# Given information:

== Segment start ==

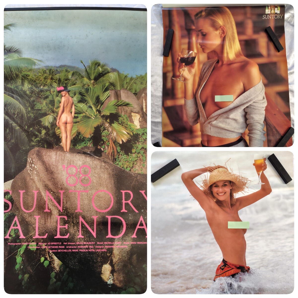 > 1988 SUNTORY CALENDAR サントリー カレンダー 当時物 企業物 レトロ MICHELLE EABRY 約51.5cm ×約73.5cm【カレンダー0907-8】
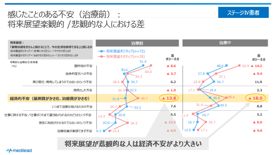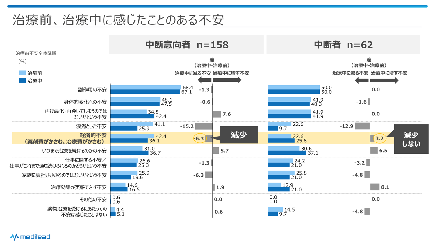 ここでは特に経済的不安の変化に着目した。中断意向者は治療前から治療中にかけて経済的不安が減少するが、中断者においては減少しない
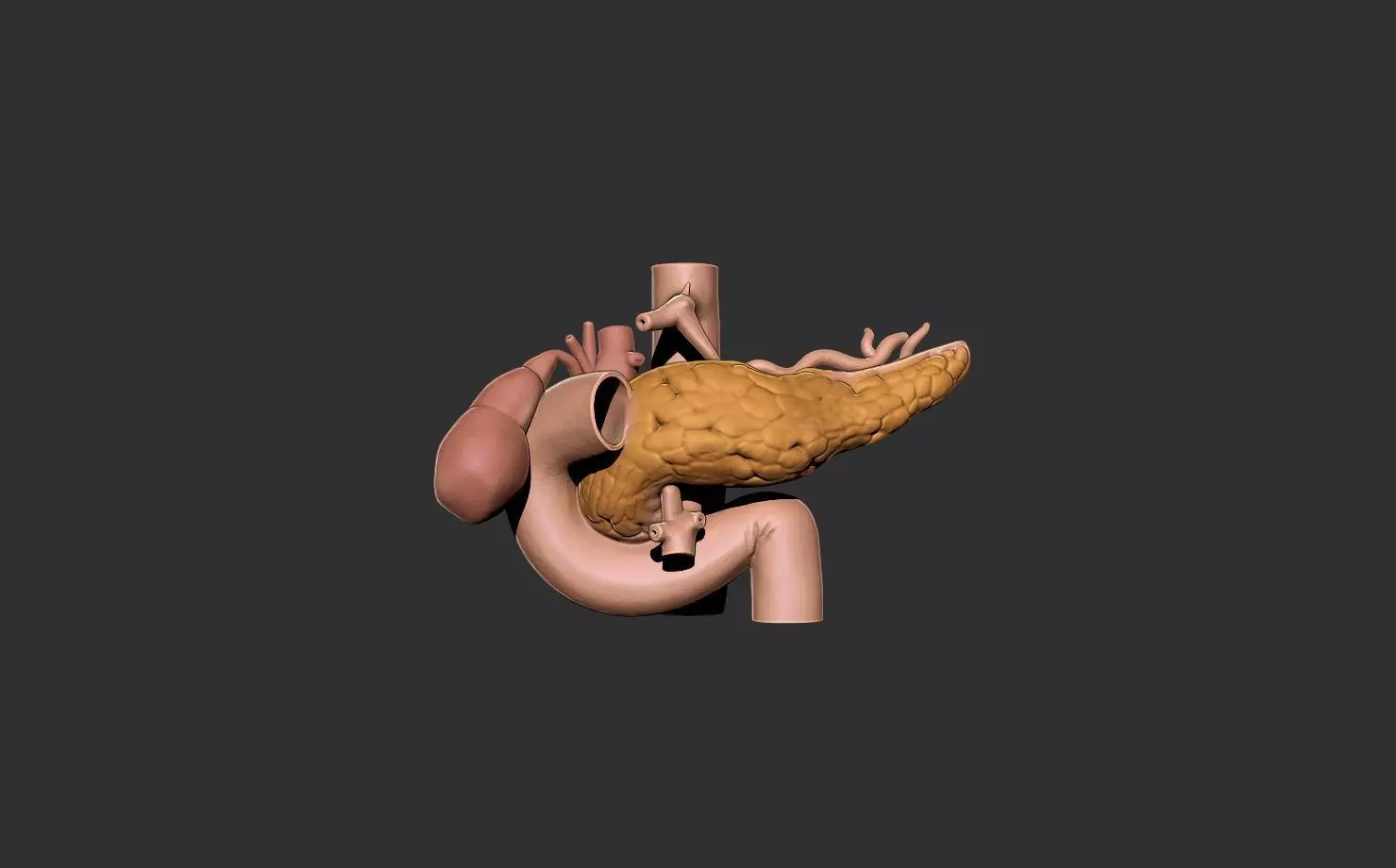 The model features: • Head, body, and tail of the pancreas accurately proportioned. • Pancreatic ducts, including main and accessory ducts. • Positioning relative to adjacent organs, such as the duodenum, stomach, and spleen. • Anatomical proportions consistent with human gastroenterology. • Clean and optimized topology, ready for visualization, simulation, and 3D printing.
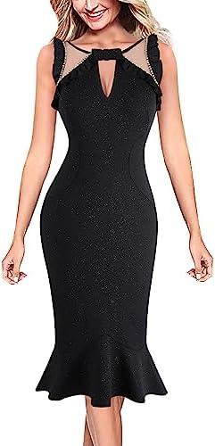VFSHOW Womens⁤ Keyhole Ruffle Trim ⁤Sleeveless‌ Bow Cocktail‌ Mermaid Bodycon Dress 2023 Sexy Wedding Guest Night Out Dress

== Segment end ==

# Try it:
Exactly as written, restate the lines above from the opening line through the one holding "ここでは特に経済的不安の変化", omitting the pictures.

# Written answer:
 > 1988 SUNTORY CALENDAR サントリー カレンダー 当時物 企業物 レトロ MICHELLE EABRY 約51.5cm ×約73.5cm【カレンダー0907-8】
 ここでは特に経済的不安の変化に着目した。中断意向者は治療前から治療中にかけて経済的不安が減少するが、中断者においては減少しない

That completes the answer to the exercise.